Обреченный убивать - Гладкий Виталий Дмитриевич 22 стр.


Чего-чего, а стукачей в турецких гостиницах хватало. И мне вовсе не улыбалась перспектива ко всем прочим моим "радостям" попасть на крючок стамбульской полиции. Или – что гораздо хуже – контрразведки.

Плотно перекусив, Джоанна решила вздремнуть, а я, как и положено, остался на часах.

Меня не покидало чувство надвигающейся опасности, а потому время от времени я подходил к окну и осторожно выглядывал на улицу из-за не до конца задернутых штор.

Но все пока было в норме, и даже за дверью, предусмотрительно запертой мною на засов, царила мертвая тишина.

И все равно что-то было не так…

Они пришли, когда меня начал бить просто-таки самый настоящий мандраж.

Я уже не слонялся бесцельно по номеру, а стоял, буквально приклеившись к окну, откуда достаточно хорошо просматривался парадный вход в гостиницу. (Если так можно было назвать скрипучие двустворчатые двери, обитые поцарапанной латунью, некогда сверкавшей, словно начищенный самовар, а нынче едва желтевшей сквозь налет темно-коричневой с зеленью патины).

Они подъехали на двух легковушках, одна из которых была американского производства и напоминала гроб на колесах. Что эти мордастые господа приехали по мою душу, у меня не осталось сомнений еще до того, как двое из них почесали за угол, чтобы перекрыть черный ход, а трое не спеша, с достоинством прошли в вестибюль.

Из окна мне была видна каждая черточка их самодовольно закаменевших лиц и чисто профессиональная манера держать правую руку слегка согнув и на отлете, чтобы при надобности мгновенно достать какуюнибудь "дуру" невероятного калибра, пуля которой на выходе делает дырку величиной с кулак. – Эй, ты, вставай!

Я смахнул Джоанну с постели, словно муху с обеденного стола.

– А? Чего?

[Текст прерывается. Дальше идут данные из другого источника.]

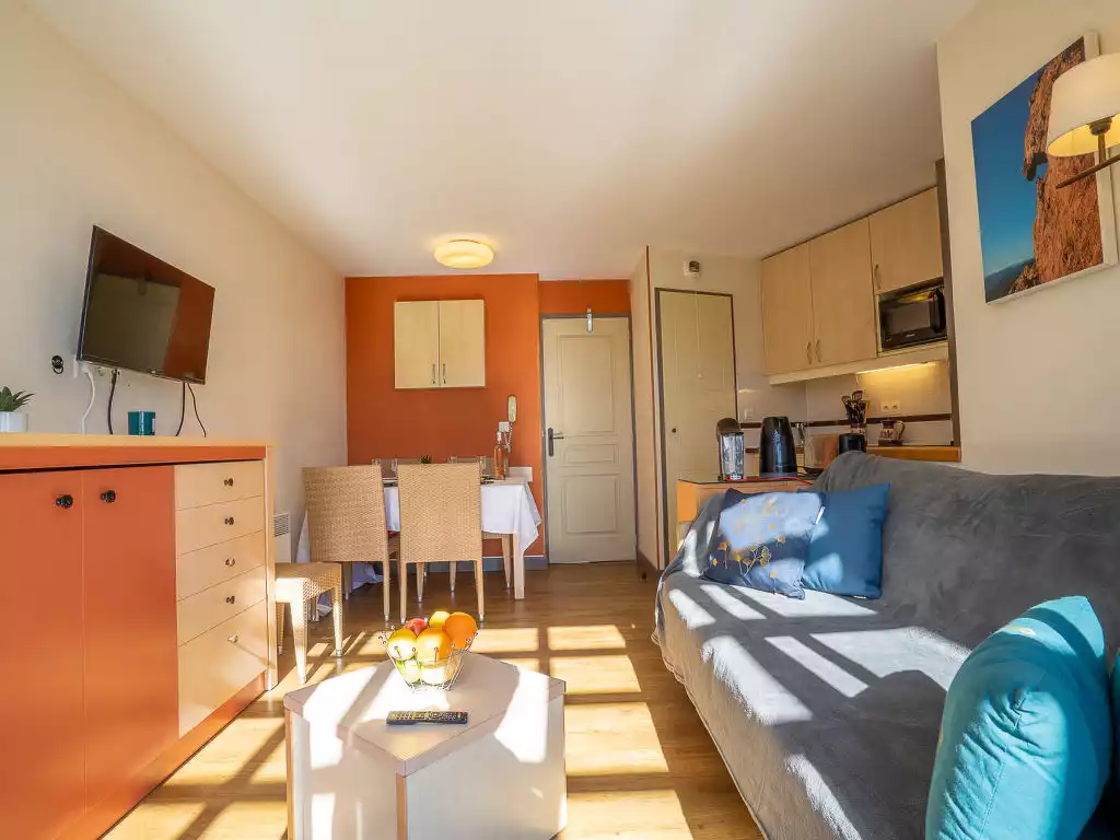 Large resort "Village Cap Estérel - L'Esquinade", built in 1990. On the outskirts, 2 km from the centre of Agay, on a slope, in the residential district, 900 m from the sea, 900 m from the beach, road to cross, on the golf course, in a pedestrian area. For shared use: park 210 ha, 5 swimming pools (seasonal availability: 06.Apr. - 03.Nov.). Children's pool, boccia, children's playground (slide, swing). In the complex: spa area (extra), shopping facilities, laundry (extra). Shop, grocery 500 m, supermarket 6 km, restaurant, bakery, café, bicycle rental 500 m, bus stop "Ligne 21" 300 m, railway station "Saint-Raphaël-Valescure - Agay" 9 km, sandy beach "Le Pourrousset" 800 m. Marina 1 km, golf course (9 hole) 300 m, tennis 500 m. Nearby attractions: Anthéor 8 km, Saint-Raphaël 9 km, Fréjus 13 km, Cannes 33 km, Saint-Tropez 50 km, Nice 76 km. Well-known lakes can easily be reached: Lac Saint-Cassien. Hiking paths: Massif de l'Estérel. Please note: car-free holiday complex, no lift. Entertainment in the season. Suitable for families, childminding in the season (extra). Guarded residence. The keys‘ handover takes place by the agency Interhome in Cap Estérel. The apartment is located in a zone with limited traffic. Additional accommodations can be booked. Access to the apartments is via steps, even on the ground floor."L'Esquinade (J4 332)", 2-room apartment 28 m2 on 2nd floor. Living room with 1 fold-away bed (80 cm, length 190 cm), 1 pull-out bed (2 x 80 cm, length 190 cm), TV (flat screen). Exit to the terrace. 1 room with 1 french bed (140 cm, length 190 cm). Exit to the terrace. Kitchenette (4 hot plates, dishwasher, toaster, kettle, microwave, freezer, electric coffee machine). Bathroom, sep. WC. Electric heating. Terrace 10 m2. Terrace furniture. View of the sea. Facilities: Internet (WiFi, extra). Parking space n 2169 (roofed, 1 car), height 180 cm. Please note: non-smokers only. Smoke alarm. Offer by a private individual according to Art. 155, IV of CGI. FR8553.500.19

Что?

– Прикрой свои прелести, крошка, да побыстрее. Линяем.

– Куда?

– А хрен его знает. Поторопись. За нами пришли.

Что мне нравилось в этой девчонке, так это самостоятельность и умение с полуслова оценить важность той или иной проблемы.

Не задавая больше лишних вопросов, она оделась с солдатской быстротой и, ожидая дальнейших распоряжений, застыла у двери, от вполне понятного волнения слегка прикусив нижнюю губу.

– Баул? – показал я на ее миниатюрный дорожный сундучок. – Оставьте. Там ничего ценного нет.

С этими словами она крепче прижала к боку изящную дамскую сумочку, висевшую на ремне. – Да поможет нам аллах…

Я выглянул в коридор и, убедившись, что он, как и прежде, пуст, вытолкнул Джоанну за дверь, всучив ей в руки ключ.

– Зайди в четыреста двадцатый номер, – шепнул я на ухо ей, – и открой балкон…

Четыреста двадцатый номер, по идее, занимал некий господин Костадинов, болгарин по национальности и мусульманин по вероисповеданию, подданный Турции, который приехал из Бурсы по торговым делам. Он вселился третьего дня, но ночевал в гостинице всего лишь раз.

Этот достойный господин настолько проникся любовью к нечаянному собутыльнику шведу Олафу, что при расставании подарил ключ от своего номера (естественно, незаметно для окружающих) и в тот же вечер отбыл в неизвестном направлении.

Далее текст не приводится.